A Ruby library for working with JSON Table Schema.
https://github.com/frictionlessdata/tableschema-rb

Last synced: 7 months ago
JSON representation

A Ruby library for working with JSON Table Schema.

Awesome Lists containing this project

README

          

# tableschema-rb

[![Build](https://img.shields.io/github/workflow/status/frictionlessdata/tableschema-rb/general/main)](https://github.com/frictionlessdata/tableschema-rb/actions)
[![Coverage](https://img.shields.io/codecov/c/github/frictionlessdata/tableschema-rb/main)](https://codecov.io/gh/frictionlessdata/tableschema-rb)
[![Release](http://img.shields.io/gem/v/tableschema.svg)](https://rubygems.org/gems/tableschema)
[![Codebase](https://img.shields.io/badge/codebase-github-brightgreen)](https://github.com/frictionlessdata/tableschema-rb)
[![Support](https://img.shields.io/badge/support-discord-brightgreen)](https://discordapp.com/invite/Sewv6av)

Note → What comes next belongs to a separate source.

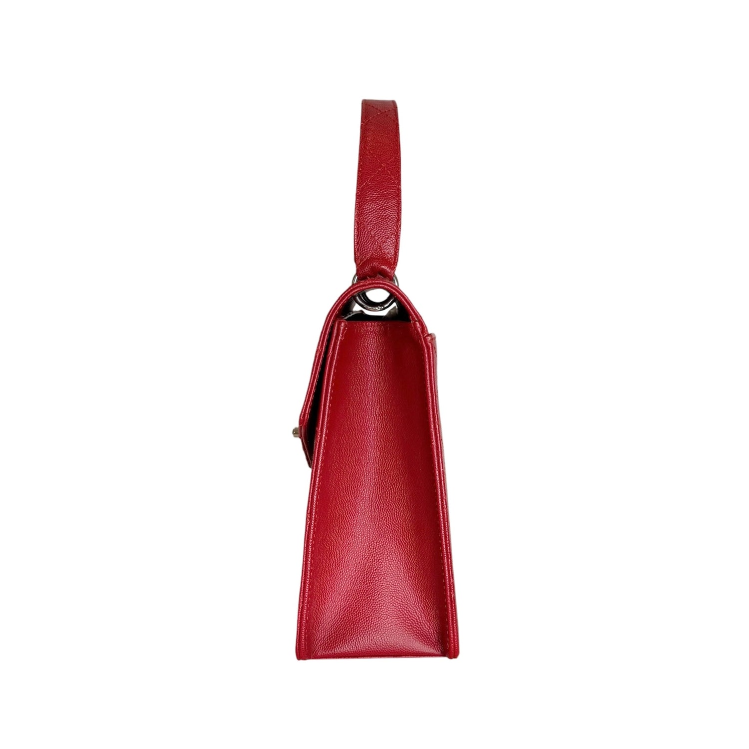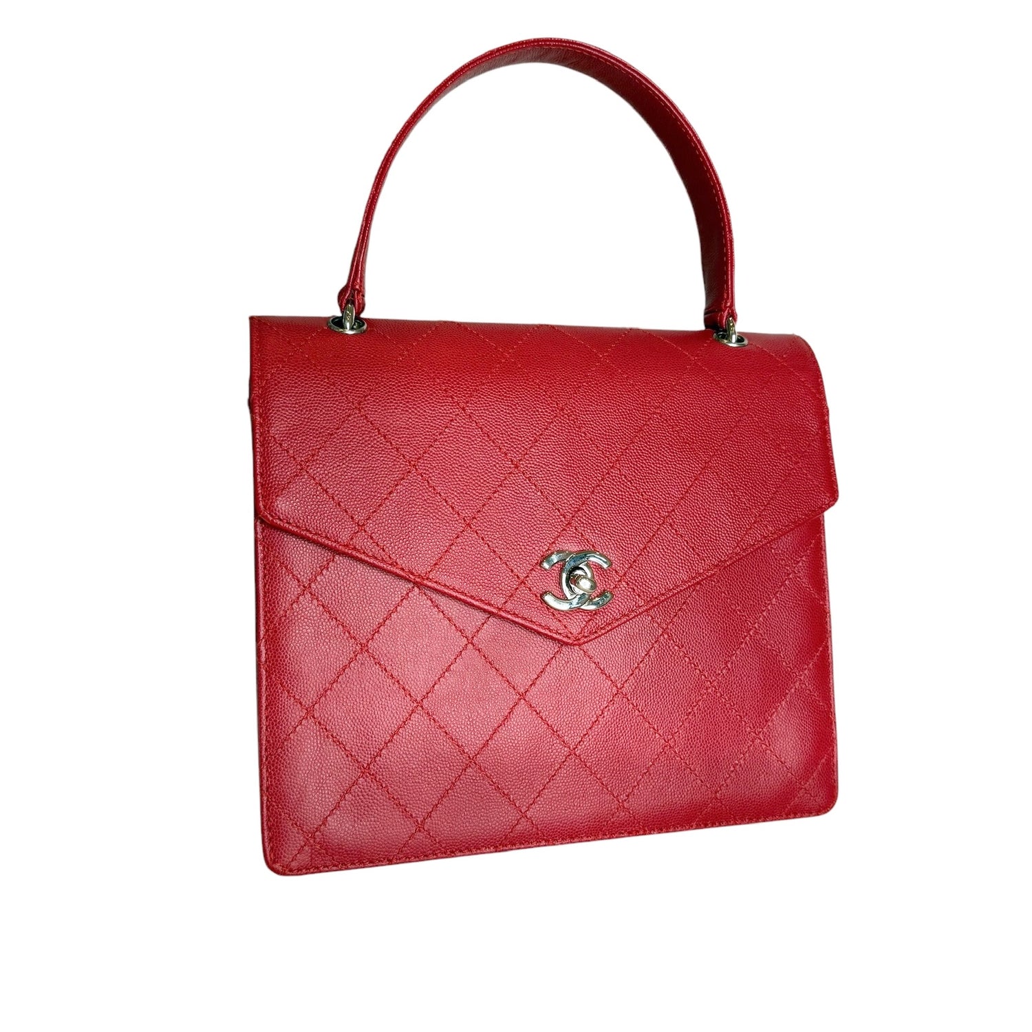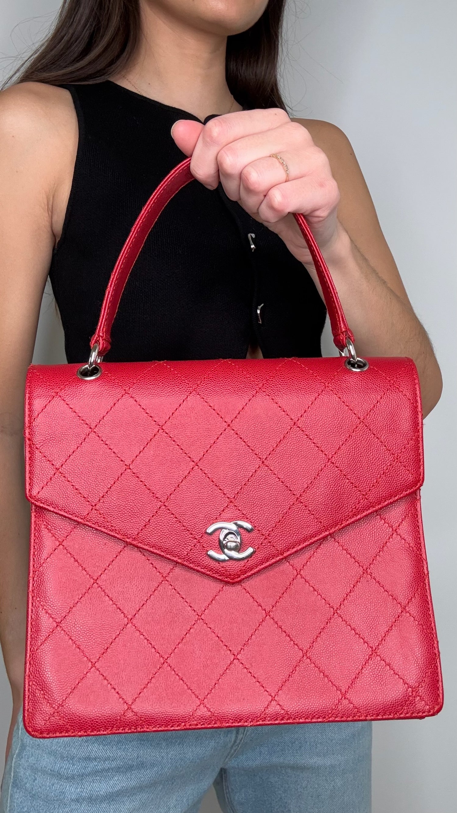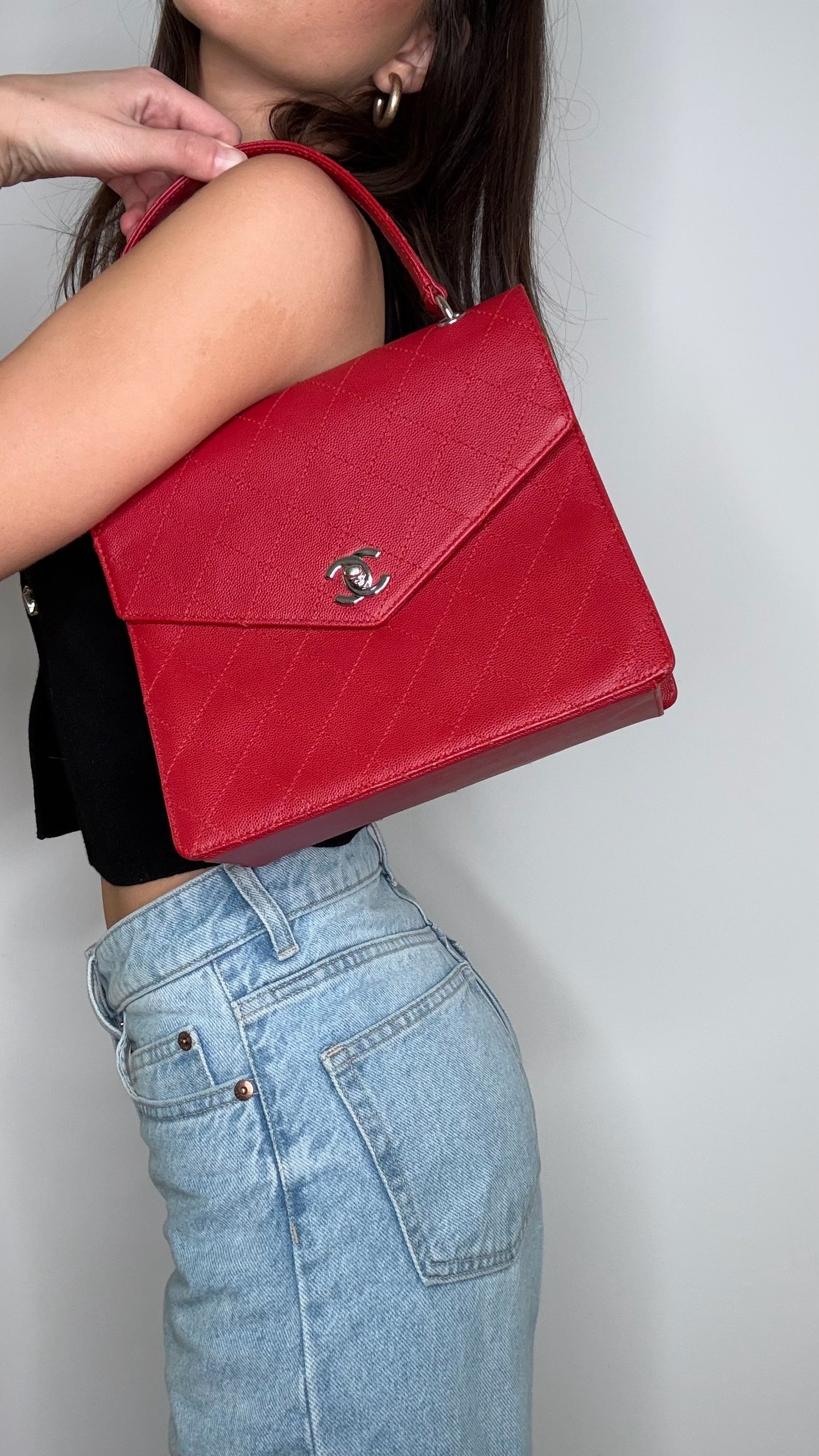 Chanel red caviar leather top handle bag. Silver hardware. One interior zipper pocket.

A utility library for working with [Table Schema](https://specs.frictionlessdata.io/table-schema/) in Ruby.

## Installation

Add this line to your application's Gemfile:

```ruby
gem 'tableschema'
```

And then execute:

$ bundle

Or install it yourself as:

$ gem install tableschema

### Update from `jsontableschema`

The library and its corresponding gem was previously called `jsontableschema`.
Since version 0.3 the library was renamed `tableschema` and has a gem with the same name.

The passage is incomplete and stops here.